GPMDB Guide to the S. cerevisiae Proteome
A chromosome-by-chromosome look at proteins observed, 2004-2016
Version 2: 2016.8.01
Editor: Ronald C. Beavis
Copyright © 2016 Beavis Informatics Ltd.
 Introduction 
      GPMDB began recording information about the S. cerevisiae Proteome on January 1, 2004. It was the first system to use the ENSEMBL sequence annotation system as a source of protein sequences and as a result it now has ten years of retrospective proteomics information. 
 Methodology 
      The spreadsheets were assembled using the ENSEMBL protein ORF accession numbers for ENSEMBL EF4.72. The accession numbers were separated into groups on a chromosome-by-chromosome basis and GPMDB was queried to determine which of those accession numbers had been observed. If an accession number had a GPMDB record, the following data was extracted and represented in the attached spreadsheets: 
 1. Chr: the chromosome associated with the ORF, using A-P for the nuclear chromosomes and Q for the mitochondrial chromosomes; 
 2. ORF: the EF4.72 ORF accession number; 
 3. Gene: the SGD gene name corresponding to the ORF; 
 4. Observations: the number of times the protein has been observed; 
 5. Best log(e): the lowest (best) expectation value observed for that protein; 
 6. EC: evidence code (described at http://wiki.thegpm.org/wiki/GPMDB_evidence_codes); and 
 7. Description: a text description of the ORF, from ENSEMBL. 

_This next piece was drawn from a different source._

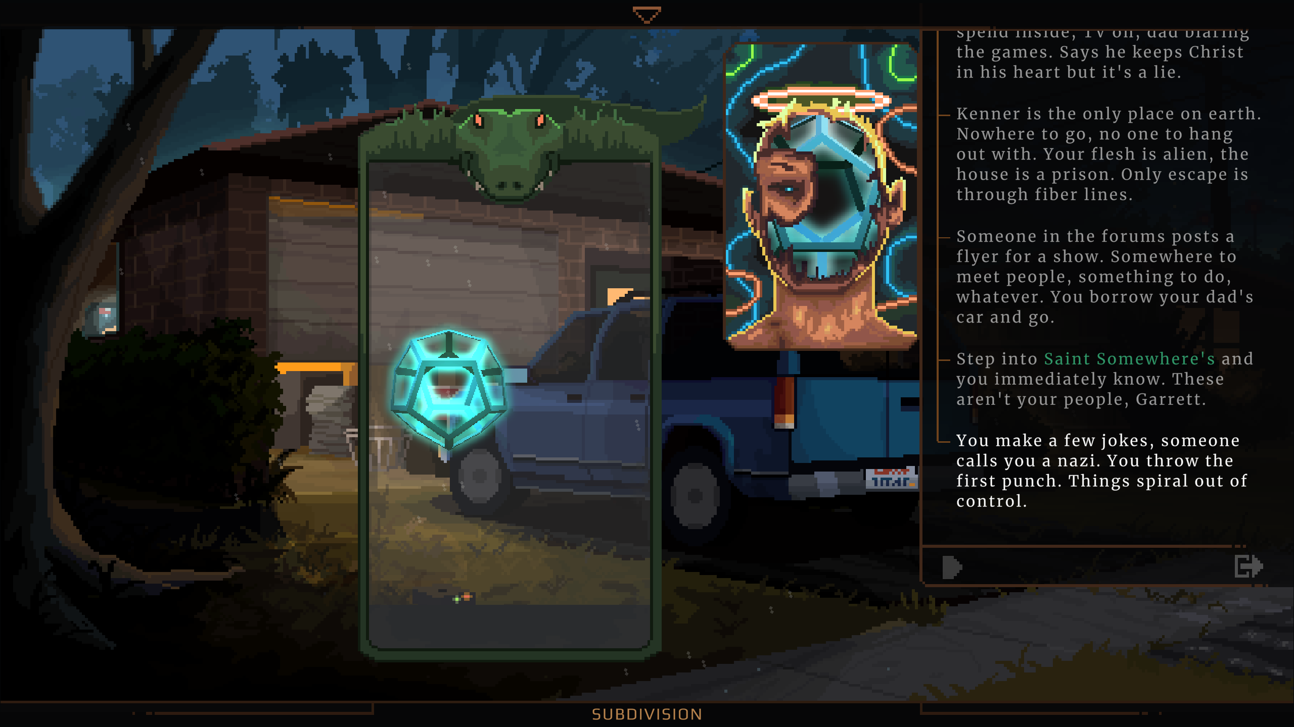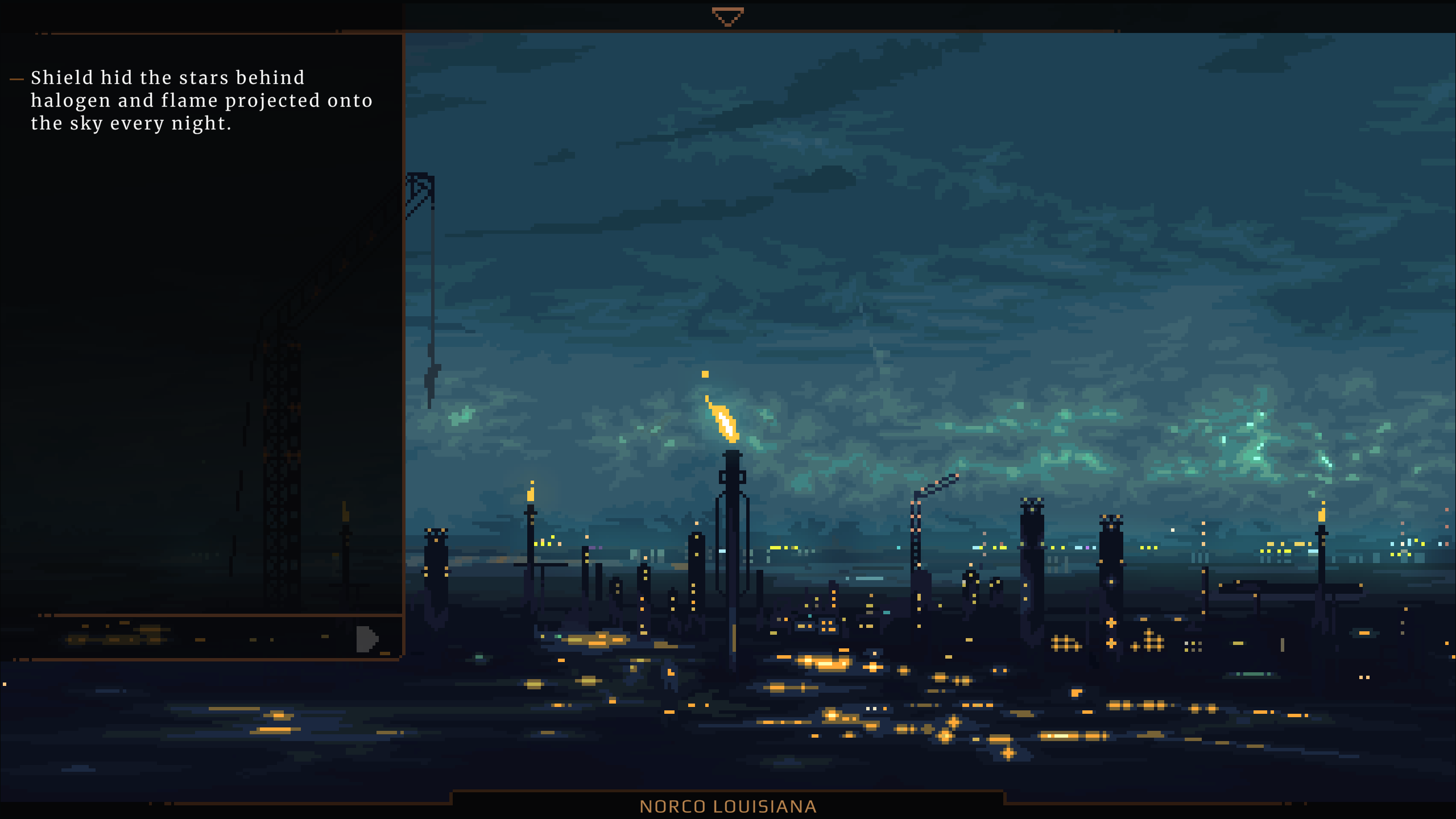 Yuts was an artist who was doing a project with some fellow creatives on a unique place in Louisiana called Norco, a “census designated place” basically under the thumb of the Shell Oil Corporation that literally stands for “New Orleans Refining Company.” The project was meant to be a sort of multimedia documentary, using real stories with an unorthodox style of presentation and even media. This included making sprite art that they shared on tumblr, and got so much feedback about wanting to play the game this sprite art existed in that they decided to, you know, make this a game project and fund it via patreon backers. It may even be a full trilogy, though that seems up in the air.

      The first four tabs below (EC1-EC4) are the ORFs grouped by evidence code that measure reproducibility of ORF observations by MS/MS-based proteomics measurements (EC1 = no credible evidence; EC2 = poor evidence; EC3 = moderate evidence; and EC4 = good evidence). The fifth tab (SC-ALL) has all of the ORFs in the same table, ordered by chromosome number and gene location. The sixth tab summarizes the number of ORFs in each evidence category. 
Notes
1.  No attempt has been made to use protein accession numbers not found in ENSEMBL EF4.72. GPMDB has recorded information from many versions of ENSEMBL, some of which contained accession numbers no longer present. No algorithms have been used to attempt to re-use that information by projecting protein sequences or chromosomal locations back onto the current ENSEMBL assembly.